C’est ainsi sans grande surprise que la Cour d’Appel de Paris a pu considérer :
- D’une part, dès lors que le terme « ARGANE » constituait déjà à la date du dépôt attaqué la désignation nécessaire et générique d’une substance végétale employée pour l’hygiène et les soins de la peau, que le terme « ARGANE » devait demeurer à la libre disposition des acteurs de l’activité économique concernée désireux de l’introduire dans la composition de leurs produits ; et
- D’autre part, toujours à la date du dépôt, que le terme ARGANE, susceptible d’être perçu comme indiquant la qualité essentielle ou la composition des produits pour l’hygiène et le soin de la peau, à l’exception du cuir chevelu, qu’il était destiné à designer, il était dès lors inapte à remplir la fonction essentielle de la marque pour de tels produits, à savoir de permettre au consommateur moyen, normalement informé et raisonnablement avisé, de distinguer sans confusion possible les produits couverts par la marque de ceux provenant d’une autre entreprise.
La Cour d’Appel a en conséquence confirmé le jugement de première instance (TGI de Paris, 17 février 2010, n°09/12639) ayant déclaré « nul, pour l’ensemble des produits couverts en classe 3 et 5, l’enregistrement n° 1 234 523 de la marque verbale française « ARGANE » déposée le 2 avril 1983 »(Cour d’appel de Paris, 30 janvier 2013, 11/01355) pour défaut de caractère distinctif pour désigner des produits de cosmétiques fabriqués à base d’Argan.
Par la suite, la société Pierre Fabre Dermo-cosmétiques a formé un pourvoi en cassation.

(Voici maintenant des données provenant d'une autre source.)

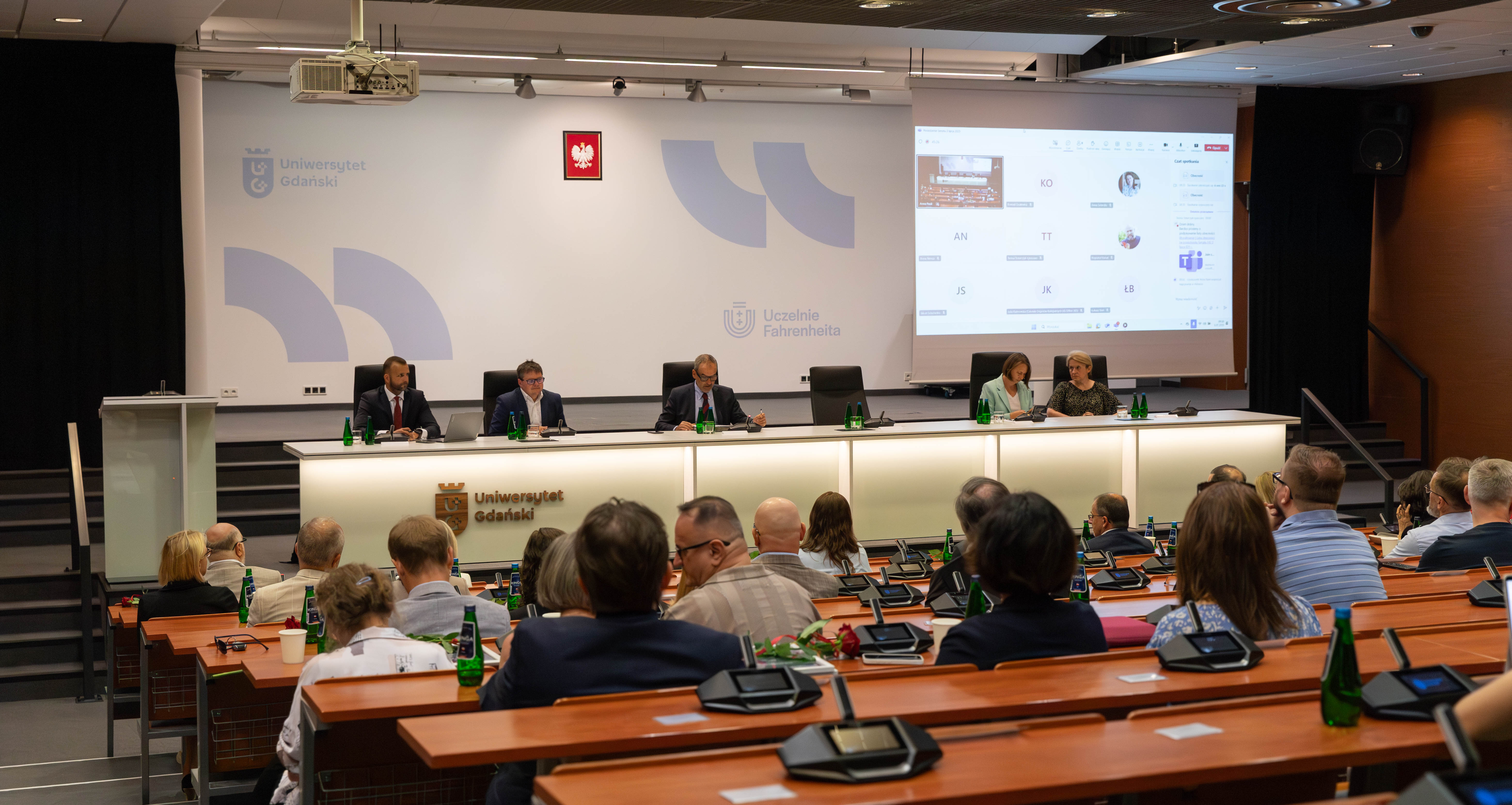 Ostatnie w roku akademickim 2024/2025 posiedzenie Senatu Uniwersytetu Gdańskiego, które odbyło się 3 lipca br., rozpoczął Rektor prof. dr hab. Piotr Stepnowski złożeniem gratulacji prof. dr. hab. Grzegorzowi Węgrzynowi, który został członkiem rzeczywistym Polskiej Akademii Nauk.

Cependant, la Cour de cassation a rejeté le pourvoi dans une décision du 6 mai 2014 (Cass. Com., 6 mai 2014, n°13-16.470), en retenant notamment que la marque en cause, ARGANE, était « exclusivement composée du terme « argane », mot, d’origine arabe, orthographié également « argan », qui est répertorié depuis le 19e siècle dans des dictionnaires de langue française destinés au grand public et dans différents ouvrages rédigés en français, pour désigner un arbre ou un arbrisseau ainsi que son fruit dont est extraite une huile, dénommée « huile d’argane » ou « huile d’argan », utilisée, dès cette époque, pour la fabrication du savon ; ».
La Cour de cassation a ainsi considéré, à l’instar de la Cour d’appel, que ce terme constituait la désignation nécessaire et générique d’une substance végétale régulièrement utilisée dans des produits de cosmétiques pour la peau, et devait demeurer à la libre disposition des acteurs de l’activité économique concernée désireux de l’introduire dans la composition de leurs produits. La décision de la Cour d’appel de Paris a été confirmé, et les marques ARGANE de la société Pierre Fabre restent annulées.